Do you ever feel like you are loosing your mind? It is a deeply terrifying place to be.
Just as a forewarning - you may want to stop reading right now, though secretly I wish you might continue.
I am writing out of an inexpressible desperation (yet I am trying to write and express myself all the same - how funny is that?). There is no 'point' to this blog, no insight into the inner workings of humanity or any clever artistic expression of who I am. This is simply the writings of desperation. I hope that somehow by typing out I might be able to get some sleep and, more importantly, some rest.
I feel as though I am drowning within the confines of my own mind. Swirling around in my skull are many different thoughts. These fragmented strains of processed information cover a wide range... of God, relationship, my future, social awkwardness, music, purpose, dating, money, education, family, tour, singing, writing, value, heart, bible reading, church, work, job security, insecurity, segregation, individuality, lies, angst, peace, hope... on and on. It does not seem to stop.
I yearn for peace and rest.
Though I know these immediate emotions will pass, I feel trapped. What brought me to this place has not disappeared. There is obviously something wrong. Something has gone rotten. I have yet to name what has gone bad - I do not know exactly what has brought me to this point, or how to escape.
Unfortunately, I am fully aware how lame, dramatic, over the top, desperate, and pathetic this blog may be. I can not explain why I write as I do... it is foolish, but I need to do something.
All I can think to say is this:
Crap.
AND
God help me.
Monday, September 28, 2009
Tuesday, September 8, 2009
Road Dreams, Open Skies, and Barren Plains
644 Miles
11 hours
3 movies
Hamish and Andy (http://www.hamishandandy.com/)
Shane (our amazing GPS navigator with an Australian accent)

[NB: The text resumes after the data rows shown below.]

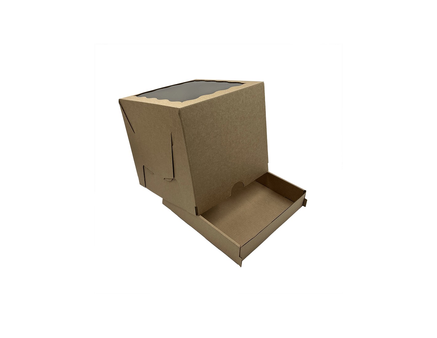 These are boxes for transportingcakes, pies, cobblers, doughnuts, cupcakes or single-crust sandwiches. Boxes are available in White/Brown or Brown/White paper. We offer your choice of imprint or logo on the boxes. The boxes can also be fitted with a PVC window to show the beautiful cake.
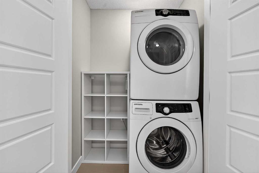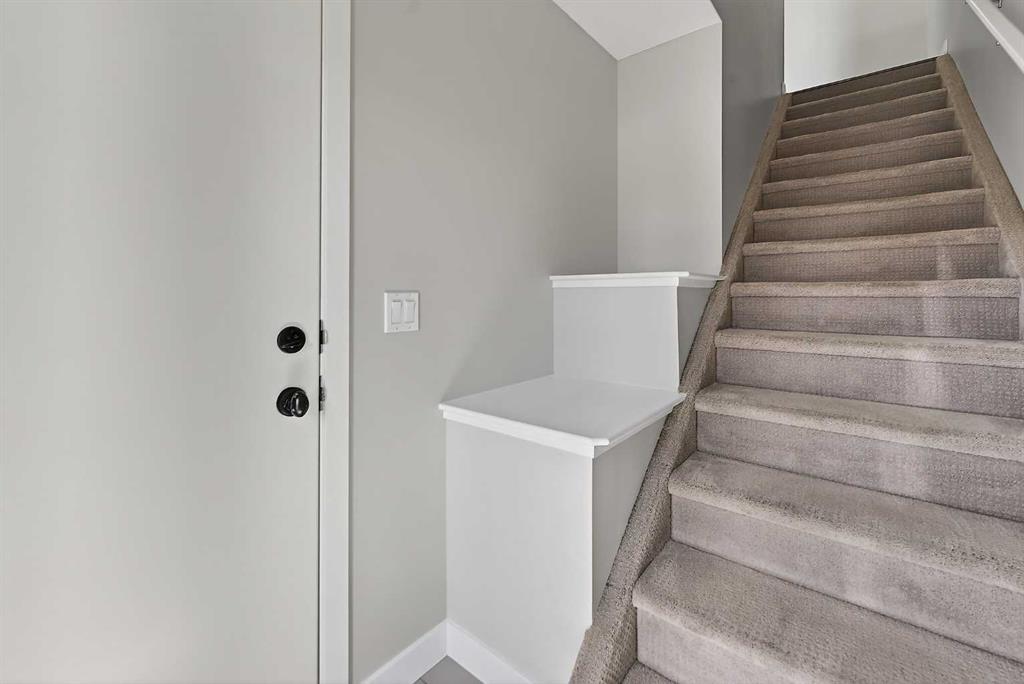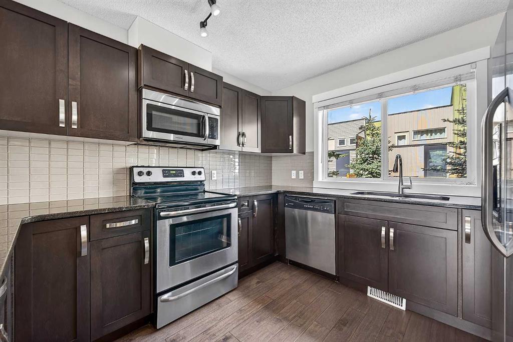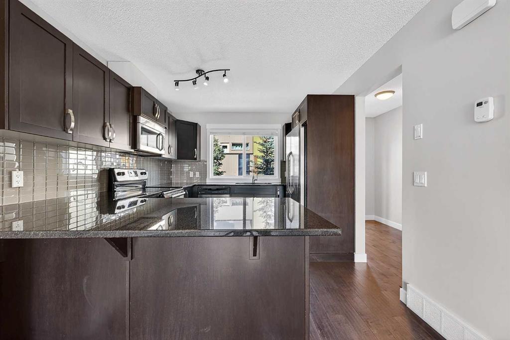 Welcome to Coventry Station! This unit has been lovingly maintained and is freshly painted; ready and waiting for a new owner. Imagine your life simplified for efficiency in this well-appointed, 3 level townhome. An open concept living room, dining room, and kitchen features engineered hardwood floors and is bathed in natural light. Your new deck just beyond the kitchen is perfect for enjoying a morning coffee or barbecuing and unwinding in the evening. Both bedrooms are tucked away upstairs. The primary bedroom features an ensuite and plenty of storage while the secondary bedroom is generously sized too; and offers a cheater door to the primary bathroom. The stackable washer/dryer in the hall will make laundry day a breeze. The attached single car garage has a sizeable storage space conveniently tucked away for seasonal items, your new lifestyle is ready in Coventry Hills; where all the conveniences are within easy reach- an ideal choice with amenities including Schools, Vivo, Shopping Centres, Superstore, Express Bus Park n Ride Terminal, and so much more!
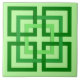 Keramiskt belägga med tegel i ett retro modernt mönster av interlocking kvadrerar, skuggar in av limefrukt till smaragdgrönt, på en pastellfärgad mintgröntbakgrund
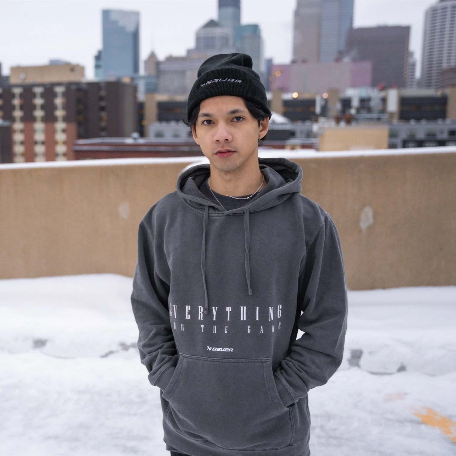 100% acrylic black toque with 12” knit and adjustable cuff. One size fits most. Embroidered Bauer logo/icon lockup.

Even with all these good things, being on the road is incredibly difficult for me. I do not know exactly why. I have often fantasized about getting in my car and driving away from Kelowna - leaving it all behind like "Into The Wild" (http://www.youtube.com/watch?v=Cy6iwP9Ux3A). Having no idea where I was going, who I might meet, or when I might stop. I would leave it all, and be all the better for it...
Freedom.
Even while yearning for this sense of freedom, road trips have yet to be as romantic as the images I have in my head. They are really hard! While I can maintain a calm exterior, my mind tends to race between many ridiculous annoyances.
The music is too loud.
The temperature is just not right.
Your elbow is in my side.
I realize just how petty and selfish I am. The road is not a gentle refiner, but she is good. She shows me who I am when things turn bad. She warns me of who I have the potential to become and grants me an opportunity to change and learn.
There is something about the open road that makes you think about life, God, purpose, people, friendship, and relationship. Who am I? Where am I going? Where are we going?
Today, as we were driving through the endless plains of Idaho my mind seemed to sharpen. Despite the challenges that accompany travel, this is what I want to be doing right now. Lack of sleep, and a lengthy driving schedule suddenly appear like such small barriers in the grand scheme of things. I am traveling with 7 really amazing friends, creating music, building relationships and sharing life with people around North America. What a massive opportunity! I want to take this time, and run with it with everything I have.
Even while pondering the tour my mind still darted between topics as I watched the rolling hills wander lazily past my window. I wondered about my future. What am I doing with my life - what is the next step? If 'life direction' wasn't complicated enough, I also yearn to share life with someone one day. Is now at all the right time for such a thing? I wonder if such thoughts are helpful, or just distracting.
I think that it is easy to be consumed by ones own thoughts. fortunately, staring at the beautiful open sky, all those things seemed to not matter too much. I am okay with not having it all figured out - it has taken a while to get to such a place. There is a time for everything, and now is the time for searching and questioning these things, enjoying music, time on the road, good friends, food, concerts, and conversations.
More immediately, now is the time for sleep. Another concert tomorrow, who knows what each day can bring!
~David
11 hours
3 movies
Hamish and Andy (http://www.hamishandandy.com/)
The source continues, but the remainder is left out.